[Task prompt]: All entries are to be transcribed verbatim, but images are not carried over.

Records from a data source
......

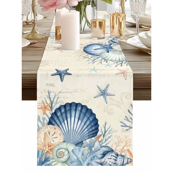 Blue Ocean Table Runner - 120 Inch Long Summer Marine Shells Couch ...
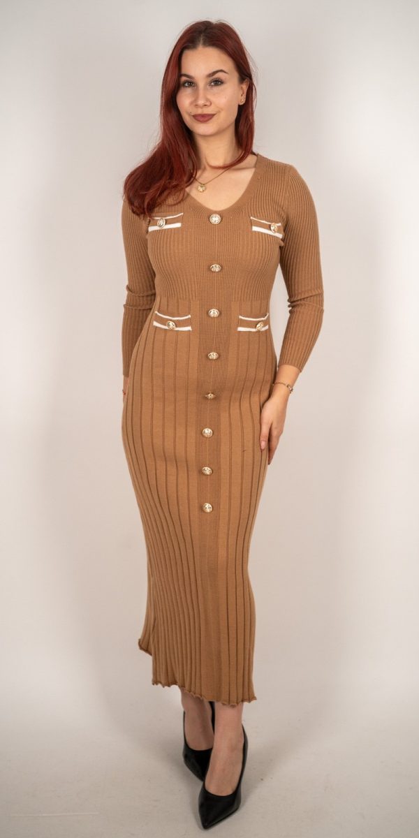 Ženska pletena rebrasta midi haljina s dekor gumbima – 2258
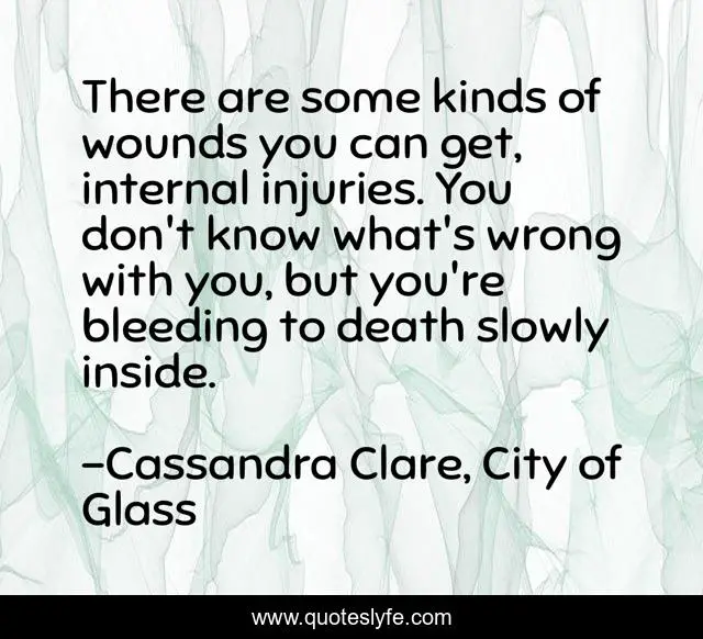 This page presents the quote "There are some kinds of wounds you can get, internal injuries. You don't know what's wrong with you, but you're bleeding to death slowly inside.". Author of this quote is Cassandra Clare, City of Glass. This quote is about love, life-lessons, affection,.
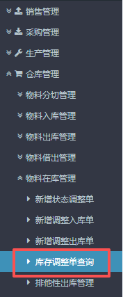 :点晴ERP-BOE返退_自主重工转换流程![]() 本教程是针对BOE成品返退流程中返退来源为“自主重工”,需要进行物料状态调整。 注:如果是正常BOE返退品的话可直接到最下方的“BOE返退品流程”! 1.进入ERP系统之后,在左侧的功能菜单里找到“仓库管理”,点开“物料在库管理”,点击“新增物料状态调整单”。
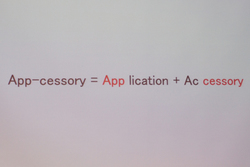 App-cessoryとは、アプリを示す「App」と、イヤホンをはじめとするスマートフォン周辺機器という意味での「accessory」を組み合わせた造語。アプリ+アクセサリーという意味が込められている。
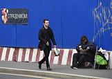 Жанровая фотография. Молодой мужчина проходит вдоль стены мимо нищего c сумкой-тележкой.
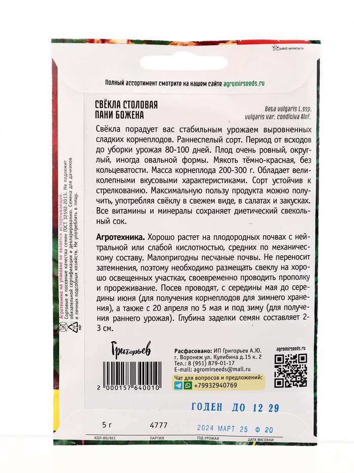 Семена Свёкла Пани Божена столовая 5г. 12.29 г.

......

[Answer box]:
 Blue Ocean Table Runner - 120 Inch Long Summer Marine Shells Couch ...
 Ženska pletena rebrasta midi haljina s dekor gumbima – 2258
 This page presents the quote "There are some kinds of wounds you can get, internal injuries. You don't know what's wrong with you, but you're bleeding to death slowly inside.". Author of this quote is Cassandra Clare, City of Glass. This quote is about love, life-lessons, affection,.
 :点晴ERP-BOE返退_自主重工转换流程![]() 本教程是针对BOE成品返退流程中返退来源为“自主重工”,需要进行物料状态调整。 注:如果是正常BOE返退品的话可直接到最下方的“BOE返退品流程”! 1.进入ERP系统之后,在左侧的功能菜单里找到“仓库管理”,点开“物料在库管理”,点击“新增物料状态调整单”。
 App-cessoryとは、アプリを示す「App」と、イヤホンをはじめとするスマートフォン周辺機器という意味での「accessory」を組み合わせた造語。アプリ+アクセサリーという意味が込められている。
 Жанровая фотография. Молодой мужчина проходит вдоль стены мимо нищего c сумкой-тележкой.
 Семена Свёкла Пани Божена столовая 5г. 12.29 г.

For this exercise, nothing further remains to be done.